The resulting pyrolysis oil can be converted into raw materials for various petrochemical products including plastics, drawing attention as a technology for recycling waste plastic resources.
However, pyrolysis oil produced by conventional systems has inconsistent quality.
Conventional pyrolysis facilities must halt operations to remove solid residue (pyrolysis char) that accumulates inside after processing raw materials, requiring reheating before the next cycle.
During the reheating process, sticky wax components (high-boiling-point oil) increase and can adhere to or clog equipment interiors.
Furthermore, the varying amounts of wax mixing with the oil cause fluctuations in viscosity and quality of the pyrolysis oil.
The research team solved these problems by building a continuous pyrolysis system that operates without stopping from raw material input through reaction to product recovery and refinement.

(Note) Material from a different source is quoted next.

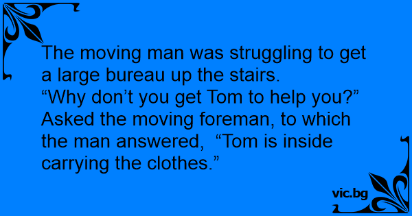 “Why don’t you get Tom to help you?” Asked the moving foreman, to which the man answered, “Tom is inside carrying the clothes.”
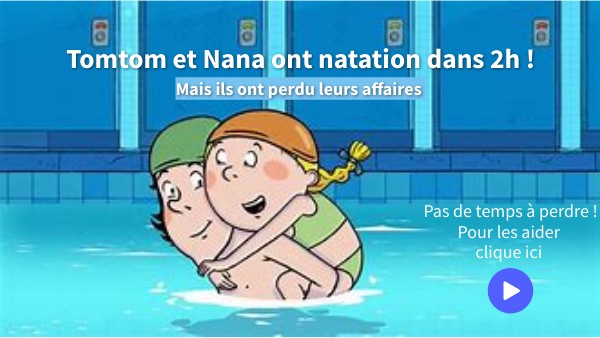 Tomtom et Nana doivent retrouver leurs affaires. Ils font plein d'activités et sont allés dans tout Chilly Mazarin. Il faut que tu les aides à fouiller les gymnases pour retrouver leur équipement de natation. Ils n'ont que leur sac de sport . Tu dois trouver 7 éléments. Ils comptent sur toi pour le remplir. En plus aujourd'hui, c'est l'évaluation. Pour réussir votre mission RDV à la piscine dans 2h en tenue ! Cela ne sera pas si simple, des aventures sportives t'attendent... Conseil : munis toi d'un papier et d'un crayon . Clique sur Tomtom et Nana pour démarrer!

First, they developed a continuous discharge system combining a screw-type conveyor with special isolation valves at the bottom of the facility, enabling automatic discharge of pyrolysis char while preventing external air infiltration.
They also prevented wax adhesion by utilizing non-condensable gases generated during the process as a heat source to maintain consistent internal temperatures.
Additionally, the team applied staged cooling of vapors generated during pyrolysis to first separate and recover sticky wax components, then selectively collect high-purity pyrolysis oil.
The system was specifically designed to recycle byproducts generated during the pyrolysis process.
Pyrolysis char, previously disposed of in landfills, can now be continuously recovered and further processed into activated carbon or conductive carbon materials.
Non-condensable gases are reinjected as an energy source, achieving an energy-efficient process.
To explore high-value lubricant applications, the research team created a blended oil mixing pyrolysis oil and synthetic oil (poly-alpha-olefin) at a 50:50 ratio, then tested it against the KS M 2127 standard for commercial gear oil base oil specifications.
The results showed a viscosity index of 132, pour point of -16°C, and flash point of 204°C, meeting the physical property standards required for gear oil base oil.
"We confirmed that pyrolysis oil produced through continuous processing of waste plastic without interruption can be applied as base oil for gear oil," said Principal Researcher Shin Myung-chul of KITECH. "We plan to commercialize this through demonstration and follow-up research."